All 3 go to bed together.

I admit I can't recall when it started but I just don't like to mix alcohol and sex any more. . .a problem with my ex-gf as she is Irish (sorry Irish people - I have crossed generalizing and now I am stereotypiing  )


----------



## nikon (Nov 9, 2009)

So. I was with another guy tonight. 32 and absolutely gorgeous, clean, tidy, amaaaaazing body... but totally selfish. The sex was completely porn-style, no emotion, no sensuality, just plain old fu*****. I don't know what was worse - A guy who cares about me but can't get a hard-on, or a stud who can last incredibly long but doesn't care about me at all. Finding a compatible sexual partner surely isn't as easy as I have imagined. I must say my married life was far more exciting in the sex department.


----------



## Scannerguard (Jan 26, 2010)

Okay, I'm just trying to follow - you want a **** with no emotional attachment but you want that **** to be non-selfish?
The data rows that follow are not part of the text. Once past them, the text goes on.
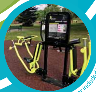
Free session voucher included in programme
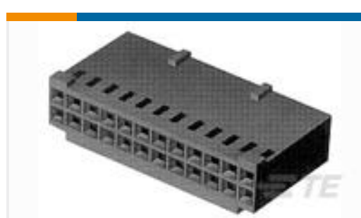
TE Part #280366 AMPMODU II REC. HSG DUAL ROW, 16 POS.
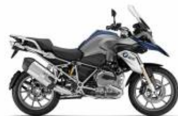
R 1200 GS + $342.88
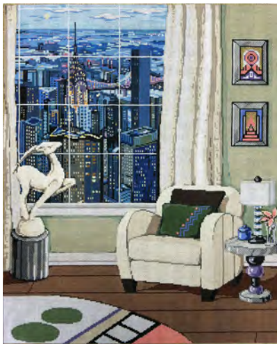
Manhattan View Fleur $315. 00
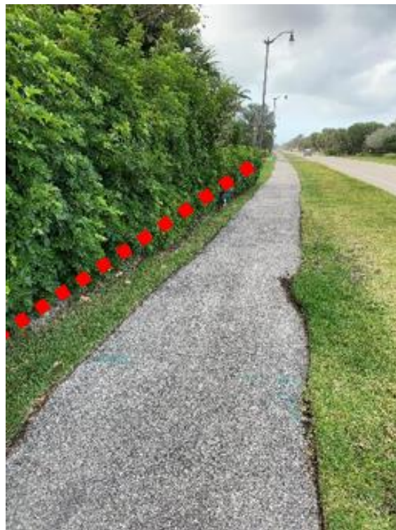
Hedge along the west side of SR-A1A

There are several locations where hedges and plant material that is not highly maintained will be impacted in areas that are relatively under-developed. An example of this is on the west side of the roadway across from the condominiums at 2580 and 2600 South Ocean Blvd, where the existing vegetation is along the strip of land between the roadway and the shoreline of the Lake Worth Lagoon.
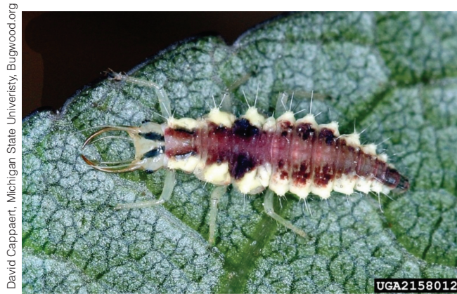
Larva of green lacewing.

aphids. Green lacewings undergo complete metamorphosis. Adults measure about 1/2-inch to 3/4-inch long with large wings.
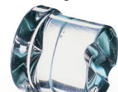
Ø 38 x H 41 mm
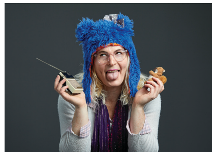
Murder Kween: 6/6/2021 Attack Sustain Decay Release Saturdays at 12am
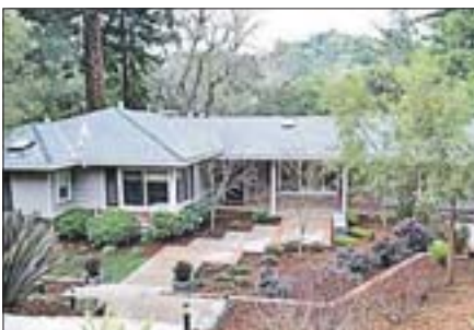
Orinda $1,050,000 3/2
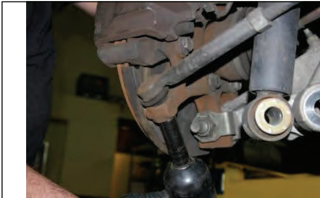
Remove tie rod nut and carefully strike spindle to break loose
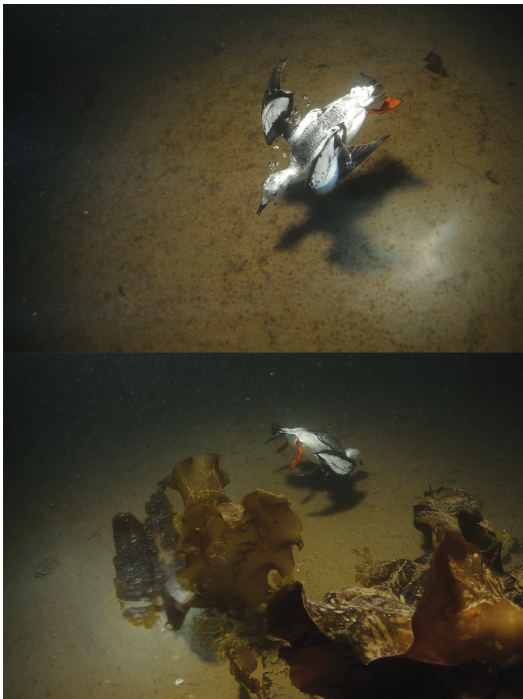
Figure 2. Actively feeding juvenile Black Guillemot in the beam of a diver's lamp in January 2015 in the Ny-Ålesund harbor on Spitsbergen Island, Svalbard Archipelago, Norway. The same individual is shown on both photographs.
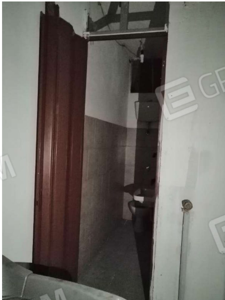
Sub 38 - 10
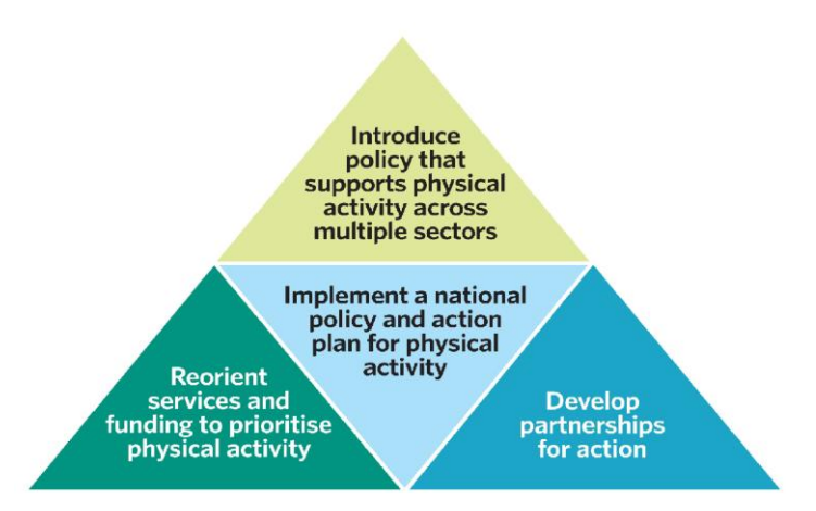
Figure 2 The Toronto Charter platform for Action: Four Areas

several government portfolios, and the multiple co benefits available from increasing population levels of physical activity. The third section sets out nine principles for action which are consistent with contemporary health promotion and global public health practice. The fourth section provides a framework of four priority areas for strategic action which are relevant and applicable to all countries and consistent with scientific evidence. These are: 1) develop and implement national strategy; 2) introduce polices and regulations; 3) provide and reorientate programs, services and supportive environments; and, 4) develop partnerships for action. These are shown in Figure 2 and in the charter itself each area has a brief description and a set of examples.
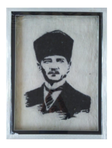
Photograph. Felt Portrait
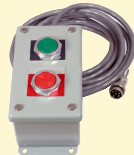
Remote Start/Stop Part #A3258

Uses shop air pressure to anchor to non-ferrous surfaces such as stainless steel, aircraft aluminum or even plexiglass.

Not judging. . .just trying to follow. . .you need a friend with benefits, not a one night stand.

It's like a linear scale. . .

ONE NIGHT STAND. . .FLING. . .FRIENDS W/BENNIES. . .LOVERS. . .ENGAGED (like George on Seinfeld - you can both cuddle and watch "Mad About You") . . .MARRIED

But yes. . .you have hit upon the "Good Kirk/Bad Kirk" thing I have always talked about. . .you need both sides of yourself to be whole, as a man or woman, in bed.

You need the nice guy to go down on you. . .but the bad guy to get a raging hard on and pound you. Complicated, isn't it?

(don't mind me. . .I'm a nerd  but a bad nerd  )

Good luck on your quest. . .


----------



## nikon (Nov 9, 2009)

Scanner, I am not sure if this was a one night stand. I went out with this guy on a date about 2 months ago. I didn't just pick him off the street. I think he is very smart and a great conversationalist so it was never just like come over and bang me...

I may be 29 but I am not sexually inexperienced or immature. When I said I wanted sex without an emotional attachment I was not referring to detached, cold, frigid screwing. I have no feelings for this guy but I was still able to make him the object of my desire and attention. When I am in bed with someone I am there 100%, completely engaged in creating a bubble of excitement and passion. That's the kind of lover I am. I guess I am sensual and like things to be a bit meaningful.

So, in regards to the last night's selfish sex; He was naked in less than a second, barely touched my body, his tempo was absolutely out of this world (never experienced remotely anything like it) and the whole thing lasted more than an hour (at least 10 different positions). He was a robot and I was his plastic doll, even his face looked expressionless. There was absolutely nothing human about that sex, despite all my efforts of trying to communicate with him.

The strangest thing was that when the sex was over he was suddenly there again. Chatty, honest and gentle. Without me saying a word he would start talking about the sex, how selfish he is in bed and how wrong it felt... ? He said that he has never been in a serious relationship and that most women he's been with want sex like that. I find that very odd. Maybe it's a cultural thing... or maybe he was misinformed.


----------



## okeydokie (Sep 10, 2008)

you sound difficult to please, im sure many women would love to have a guy last for an hour through 10 different positions


----------



## nikon (Nov 9, 2009)

I know it must sound like I am hard to please but not really. Like I said the guy was rough and passive, unemotional and cold. I don't mind non-committed sex, but showing a little passion is essential.

I don't think I can say much more to this topic... I decided not to have any more sex until I am really attracted to someone and vice versa. This whole intimacy without feelings makes me feel like a heartless robot.


----------